It is important to spend the time needed to determine the most appropriate professional background for your new FLS coordinator and this will largely depend on your local individual context. Nursing offers by far the best fit in terms of scope of practice. But should you hire an RN or an NP? This article aims to cover some of the important considerations.

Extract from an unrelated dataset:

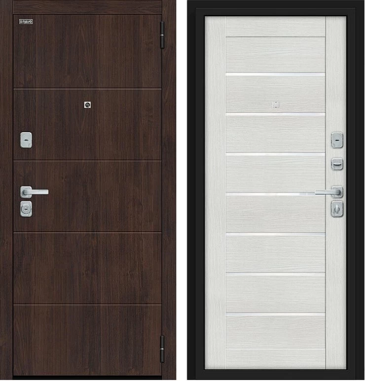 Надежная входная Дверь Браво Прайм/BChrome Almon/Bianco Melinga премиум класса по цене 35 350 руб. Большая толщина стали защитит от проникновения в ваш дом, квартиру или коттедж. Используется очень качественная фурнитура: замки, цилиндры, ручки, защелки. Покрытие и отделка двери изготовлено под внимательным контролем производителя. Дверь имеет долгий срок службы и гарантию.
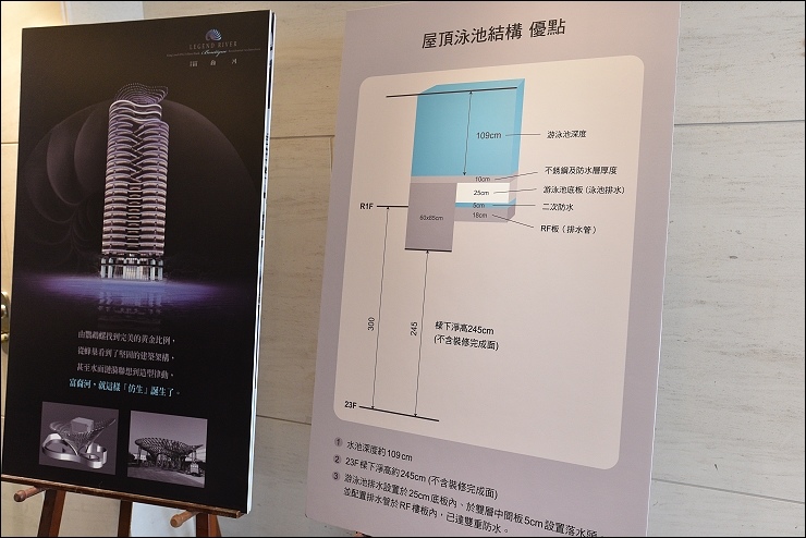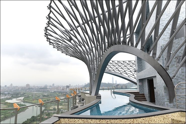 這次參觀富裔河建案,感覺最強大的公共空間應該就是頂樓的無邊際泳池,住戶可以直接在這兒欣賞台北101跨年煙火,而且方向還剛好不會被煙火的煙霧擋到,煙火放多久就可以看多久!

NP as the FLS coordinator:

  • PROS:
    • An FLS with NP can ensure the model will be 3i FLS given the NP can prescribe the osteoporosis meds needed. In the Ganda meta-analysis, 3i FLS models had a bit of an edge over 2i models. Rate of treatment achieved by 3i models in that study was 46% for 3i FLSs vs. 41% for 2i FLSs (and contrast that with only 23% for 1i models and 8% for zero i models in that same meta-analysis).
    • The FLS NP can work independently (but typically through a collaborative practice arrangement with one or more physicians). Regulations regarding collaborative practice arrangement differ between provinces.
    • The initial set-up of the FLS will be easier and simpler, i.e. no need to develop a Care Directive to expand an FLS RN’s scope of practice. However, even hiring an FLS NP will not remove the absolute need for the design of the FLS to be done with close guidance from an FLS medical lead/physician.
  • CONS:
    • There are currently no NP FLS coordinators in Canada. Hence, it would be the exception rather than the norm.
    • The salary expense will be significantly greater than that of an RN. It may perhaps be more difficult to ensure the FLS will secure sustainable longer term funding from government.
    • Because all FLS coordinators work with pre-determined protocols, the new FLS NP may find that their scope of practice is very restrictive compared to what they have been trained to do and what their scope of practice might be in other positions (e.g. NP working in Primary Health Care). One rare FLS in Canada was previously using an FLS NP but it experienced a huge turnover in the position, with 3 new FLS NPs in less than 3 years. This FLS has since moved on to hire an FLS RN instead.

RN as the FLS coordinator:

  • PROS:
    • Salary expense will be less than that of an NP. This might facilitate sustainable longer term government funding.
    • Many Canadian FLS RNs work with an expanded scope of practice (e.g. via a Care Directive). Because of this, most FLS RNs find their work rewarding rather than limiting. In Canada, there does not appear to be great turnover in the FLS RNs.
    • There is a movement afoot in Canada towards RN prescribing. This is already established practice for FLS RNs in the province of Quebec. RN prescribing is currently being explored in other provinces (e.g. NS and Alberta). If this occurs, an FLS with a prescribing RN can easily be converted into a 3i model. This would likely prove to be the most cost-effective model of all.
  • CONS:
    • Most FLSs which hire an RN as their FLS coordinator will be 2i which are expected to have somewhat lesser results than a 3i FLS based on published studies. In Canada, based on the results of the national FLS audits, some 2i FLSs have actually seen results that are quite competitive with 3i FLSs. This is because OC’s Essential Elements of FLS ensure that any FLS model will be a bit more than just a basic 2i model, at least if they wish to be included in OC’s FLS Registry. Additionally, depending on FLS design, an FLS hiring an RN can sometimes be set up as a 3i model, but that requires the participation of one or more FLS physicians (e.g. in those FLSs, the FLS RNs do most of the work, but an FLS physician, usually a hospitalist, prescribes the osteoporosis medication). One FLS is currently exploring an option where the hospital’s pharmacist will be the prescriber of the osteoporosis medication for the patients enrolled in their FLS.
    • To be as effective as possible, an FLS using an RN needs to work towards allowing the RN to have an expanded scope of practice (e.g. to allow the RN to order BMD tests). The regulatory hurdles for such an expanded scope of practice are best done in the early days of the FLS. Depending on the province, some of the necessary steps may include obtaining approval from the provincial College of Nursing, obtaining approval from local Medical Advisory Committee, etc. This type of work does require the support of a local physician, usually the FLS’s medical lead.

Are Registered Practical Nurses (RPN) or Licensed Practical Nurses (LPN) ever hired as FLS coordinators in Canada?

To date, RPNs as FLS coordinators are exclusively found in Ontario. It should be noted that the Ontario FLS model is somewhat different from those of other provinces. In Ontario’s FLS model, all high-risk fracture patients are automatically referred to an osteoporosis specialist, hence the latter is an integral and essential component of the FLS itself. This type of model is found exclusively in Ontario.

The lower salary cost of the RPN is attractive. On the other hand, this is offset by the higher cost generated by the involvement of the osteoporosis specialist for the majority of the FLS patients in that type of model.

One final word of caution: It is important that the job description should be drafted to best fit the needs of your new FLS, based on your FLS design, rather than making the job description fit a particular candidate you might have in mind for the position. Always ask yourself: if this particular candidate does not apply for this position, would it still be the best job description to fit our FLS’s needs?